Carpenter broke away from the others and leapt to cross swords with the French pirate. ‘The Unseelie Court jangle shiny things in front of weak men, but they are as insubstantial as rainbows,’ the spy said with a vehemence that puzzled Strangewayes. ‘They can never be reached and men waste a lifetime trying.’
Le Gris only laughed. As the two men danced around each other, thrusting and parrying in the downpour, Strangewayes glimpsed a figure bearing down upon him. Spinning, he swung up his rapier just as a dead pirate hacked with its own blade. A dull ache burned in his shoulder from the force of the walking corpse’s blow. Choking on the stink of decaying flash, he easily sidestepped the next thrust. Yet what the thing lacked in expertise it made up for with untiring force. The unblinking face loomed closer, ragged lips hanging off clenched teeth, fat white maggots at play on exposed cheek flesh. When the spy pierced the heart for a second time, he grasped the futility of his strategy. Before he could find another approach, he saw Carpenter slip to one knee on the wet stone. Defenceless, the other man could only look up as a leering le Gris levelled his rapier for the killing stroke.
Without a second thought, Strangewayes dropped his own defence and parried le Gris’s thrust. He sensed the dead pirate swing for his neck, and screwed his eyes shut in the certain knowledge that his life was over. When the blow failed to strike, he looked round to see Meg whisking her dagger back as the pirate’s entrails splashed into the puddles.
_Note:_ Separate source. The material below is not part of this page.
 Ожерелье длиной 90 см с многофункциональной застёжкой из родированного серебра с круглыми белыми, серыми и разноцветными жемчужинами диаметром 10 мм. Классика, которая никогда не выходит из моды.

Sweeping an arm out, the Irish woman gave Strangewayes a theatrical bow.
Carpenter recovered and thrust his blade into le Gris’s thigh. The pirate howled in agony and staggered away, blood seeping between his fingers as he clutched his leg. Brushing back his wet hair from his pink scars, Carpenter turned to Strangewayes and gasped, ‘I owe you my life.’
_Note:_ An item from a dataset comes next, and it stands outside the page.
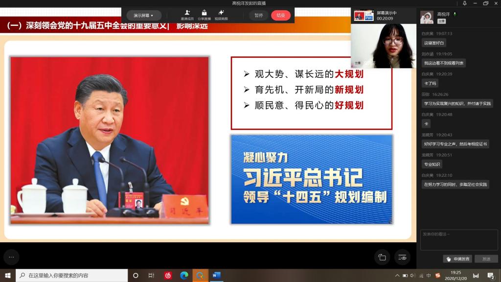 为深入学习宣传贯彻党的十九届五中全会精神,引导广大团员青年积极融入全面建设社会主义现代化国家新征程当中来,按照校团委的统一安排部署,12月20日,校团委“十九届五中全会精神宣讲团”成员、公司2018级会计四班田弥同学通过直播的方式为所在团支部开展党的十九届五中全会精神宣讲活动。会议由2018级会计学四班高悦洋同学主持,2018会计四支部全体团员45人参与学习。

‘And I owe mine to. . her,’ Strangewayes replied, masking his irritation that the woman he loathed had saved him. ‘We keep no score here.’
‘Very well,’ Carpenter replied, looking round. Two other bodies lay writhing in black pools. Launceston loomed over them, his sword dripping gore and a hungry gleam in his eyes as he examined each man in turn.
‘You have done your work there, Robert,’ Carpenter called with a weary shake of his head. ‘Let it be.’
The four spies backed against the wet stone of the tower. One by one, the cries of the dying seamen ebbed away beneath the howl of the storm until no human voice remained. Strangewayes squinted, trying to pierce the night. He saw misshapen heaps that had once been human, innards turned to straw or faces twisted into twirls of blackthorn, all the monstrous work of the Fay. He felt sickened by the atrocities committed by their Enemy. Beyond the bodies, grey shapes flitted like moon-shadows. The Unseelie Court began to creep forward.
‘Stand firm, lads,’ Meg called, twirling her dagger. ‘We’ll show them some cold steel before we take our bows.’
Strangewayes gritted his teeth and thought of Grace, until the rattle of a bolt at his back distracted him. A door that he could have sworn was not there before swung open at the base of the tower. A torch flared in the dark interior.
‘Better late than never,’ Swyfte said with a grin. ‘Step lively now. This door will not hold them off for long.’